- TRY IT -
Nothing but an exact copy is asked for: the lines in the material below from the one with "PINPOINT TEST C: BOTH" through the one with "毎週火曜日と木曜日、そして毎", pictures excluded.

- EXERCISE INPUT -
========================

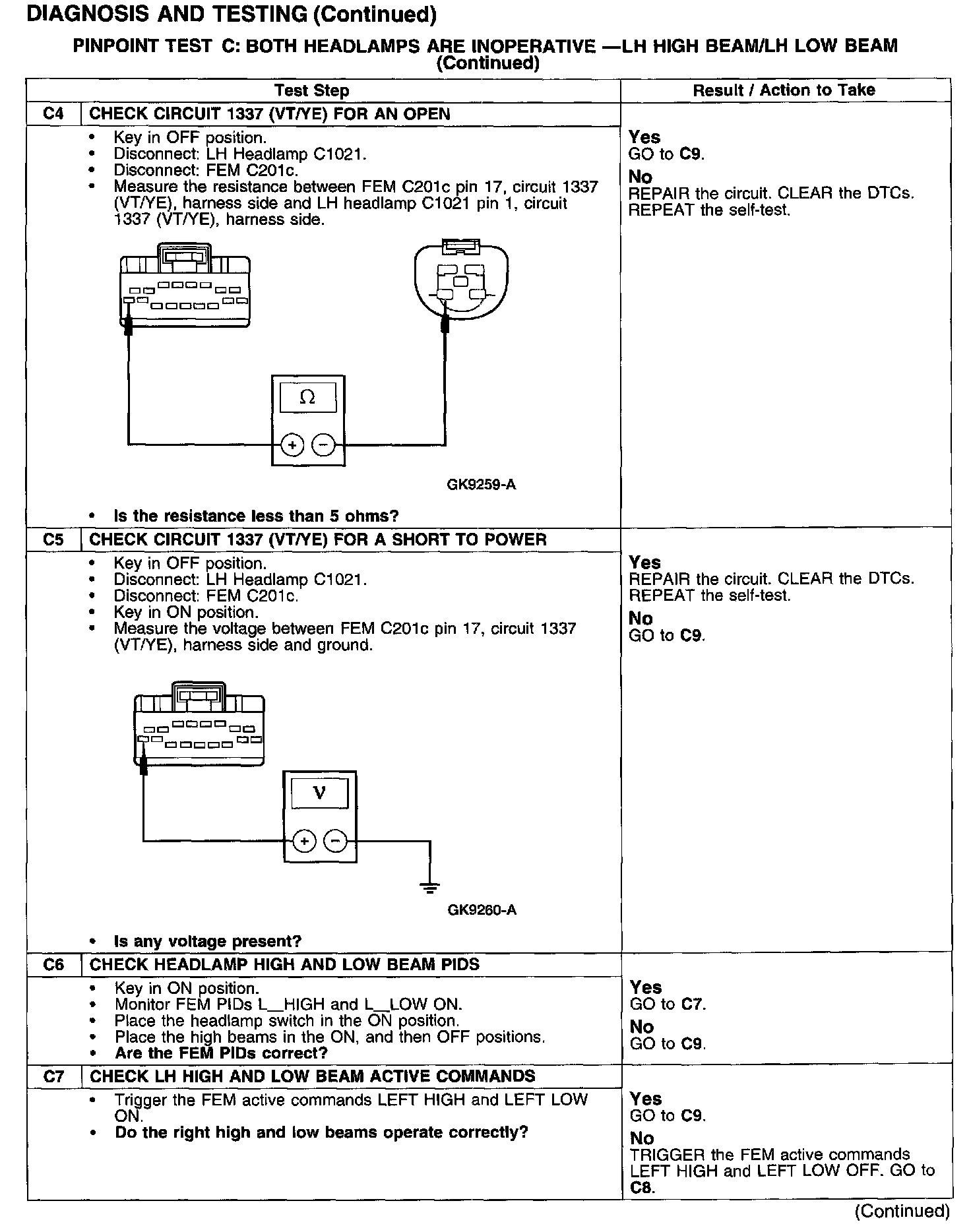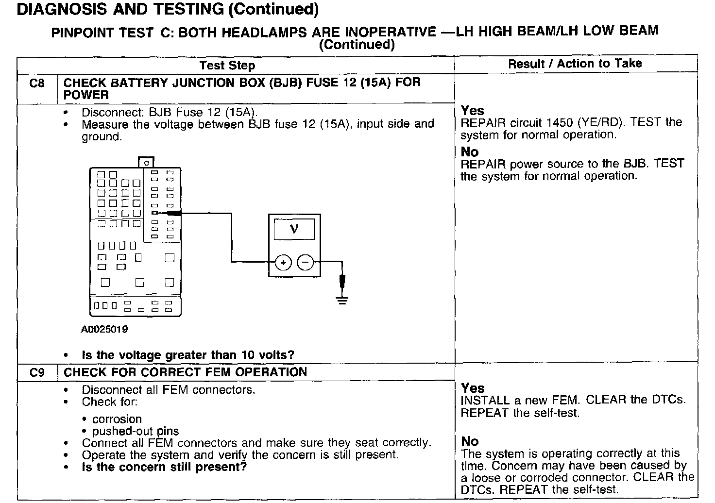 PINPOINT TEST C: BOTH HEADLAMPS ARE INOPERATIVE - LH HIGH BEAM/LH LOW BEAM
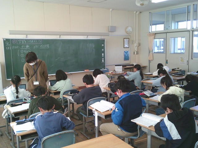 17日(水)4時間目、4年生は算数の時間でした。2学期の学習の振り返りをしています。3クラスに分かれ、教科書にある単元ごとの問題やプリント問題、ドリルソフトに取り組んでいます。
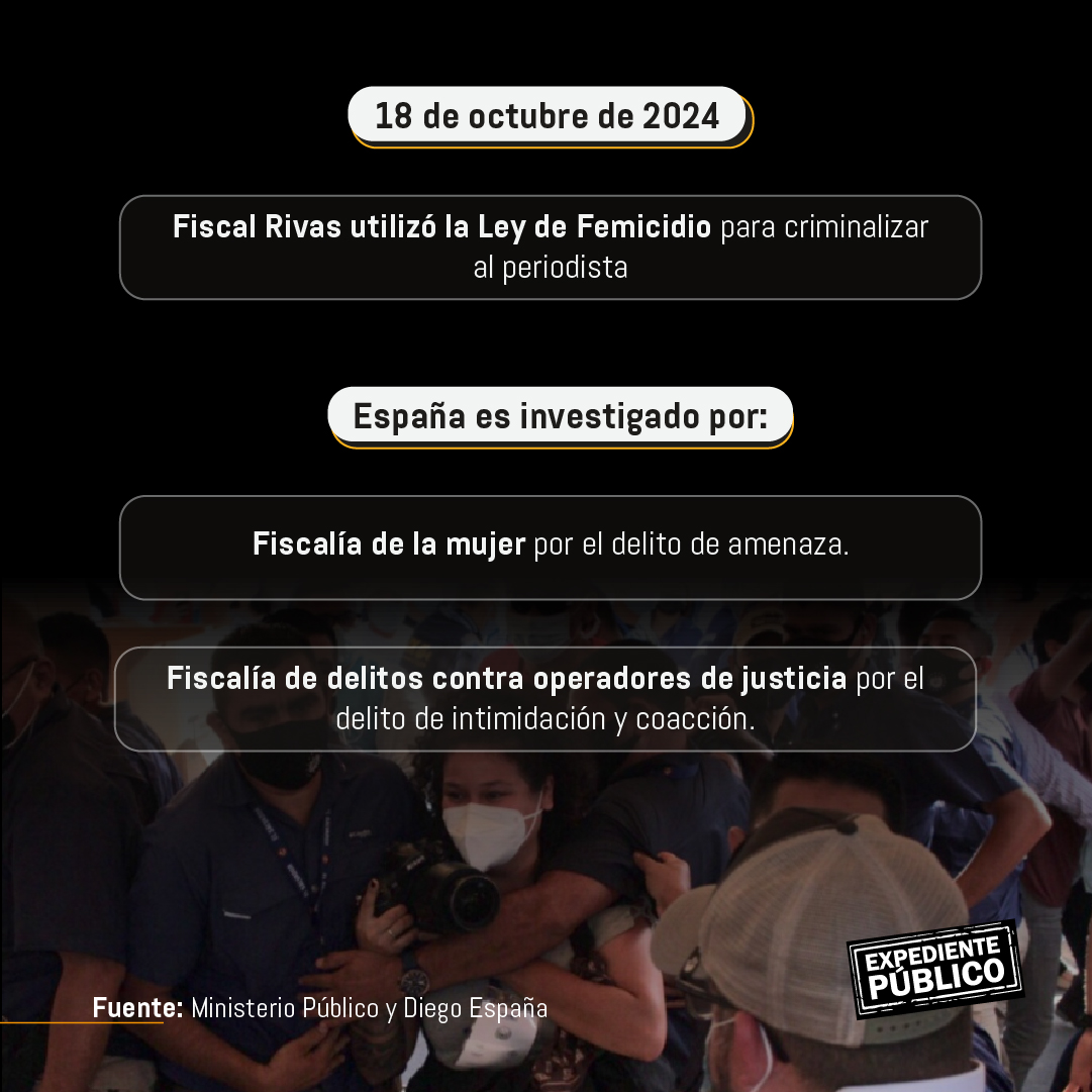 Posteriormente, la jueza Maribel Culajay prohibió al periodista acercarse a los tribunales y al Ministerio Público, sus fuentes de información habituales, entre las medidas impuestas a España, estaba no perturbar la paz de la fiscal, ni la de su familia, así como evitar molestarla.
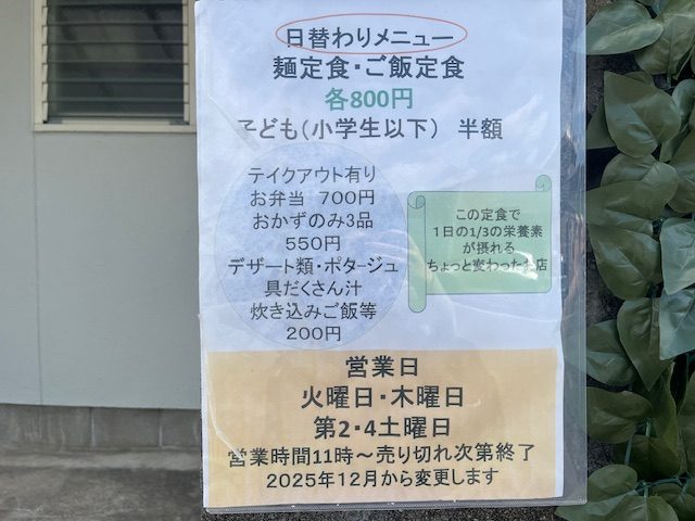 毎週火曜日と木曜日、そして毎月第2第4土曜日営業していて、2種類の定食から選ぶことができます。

========================

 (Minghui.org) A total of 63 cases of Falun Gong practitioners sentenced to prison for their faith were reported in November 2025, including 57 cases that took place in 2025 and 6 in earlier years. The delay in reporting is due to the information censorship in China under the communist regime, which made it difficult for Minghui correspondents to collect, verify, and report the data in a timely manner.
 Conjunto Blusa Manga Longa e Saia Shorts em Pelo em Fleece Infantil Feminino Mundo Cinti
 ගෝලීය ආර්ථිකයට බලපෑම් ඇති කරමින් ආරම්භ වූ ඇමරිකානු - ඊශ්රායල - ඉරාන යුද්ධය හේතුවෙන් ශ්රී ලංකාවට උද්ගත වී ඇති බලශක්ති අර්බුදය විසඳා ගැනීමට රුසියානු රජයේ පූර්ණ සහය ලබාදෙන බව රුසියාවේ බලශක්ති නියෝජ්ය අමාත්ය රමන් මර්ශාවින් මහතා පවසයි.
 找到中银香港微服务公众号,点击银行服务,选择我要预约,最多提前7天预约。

========================

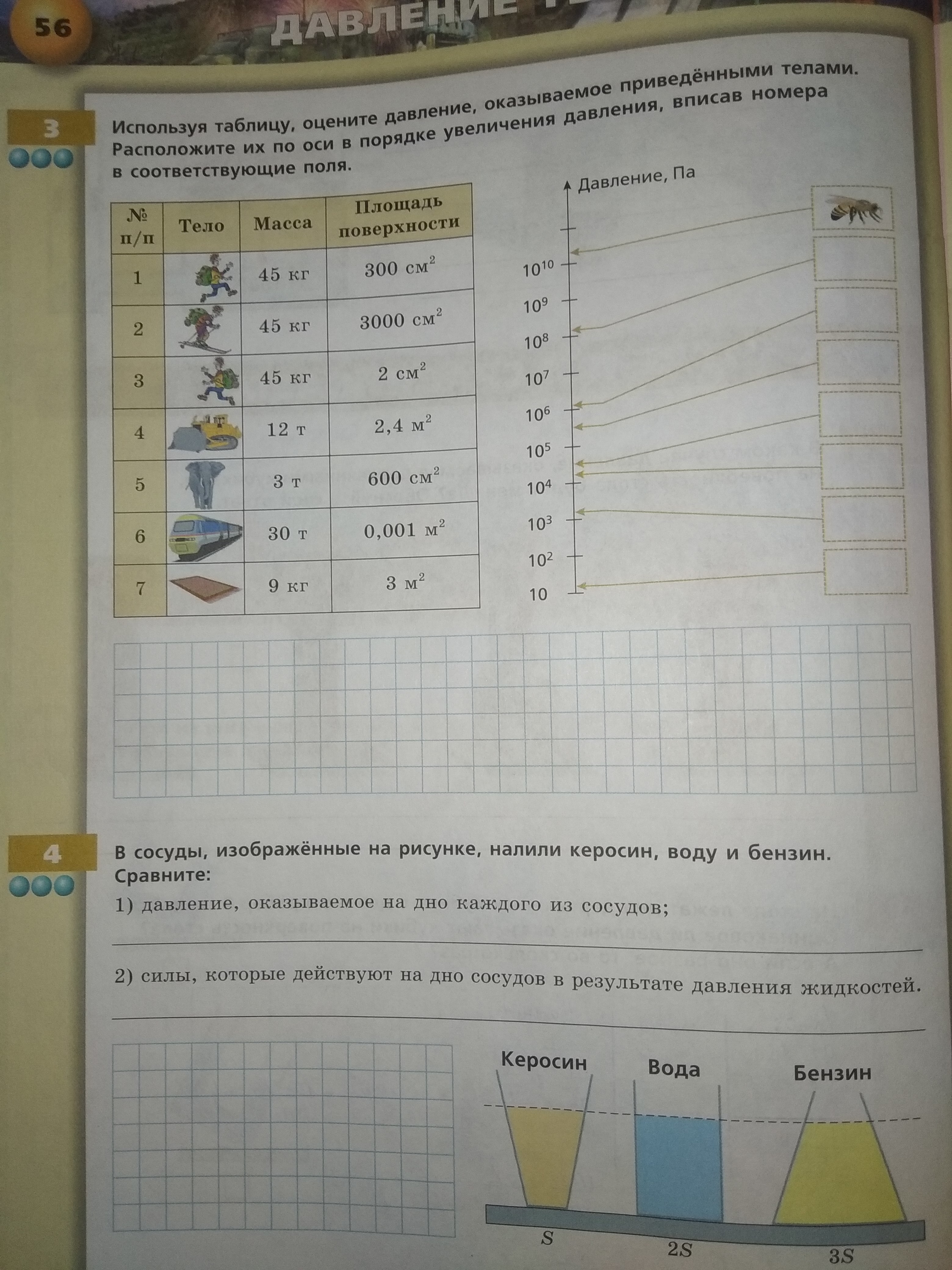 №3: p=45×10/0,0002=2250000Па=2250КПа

========================

- EXERCISE RESULT -
 PINPOINT TEST C: BOTH HEADLAMPS ARE INOPERATIVE - LH HIGH BEAM/LH LOW BEAM
 17日(水)4時間目、4年生は算数の時間でした。2学期の学習の振り返りをしています。3クラスに分かれ、教科書にある単元ごとの問題やプリント問題、ドリルソフトに取り組んでいます。
 Posteriormente, la jueza Maribel Culajay prohibió al periodista acercarse a los tribunales y al Ministerio Público, sus fuentes de información habituales, entre las medidas impuestas a España, estaba no perturbar la paz de la fiscal, ni la de su familia, así como evitar molestarla.
 毎週火曜日と木曜日、そして毎月第2第4土曜日営業していて、2種類の定食から選ぶことができます。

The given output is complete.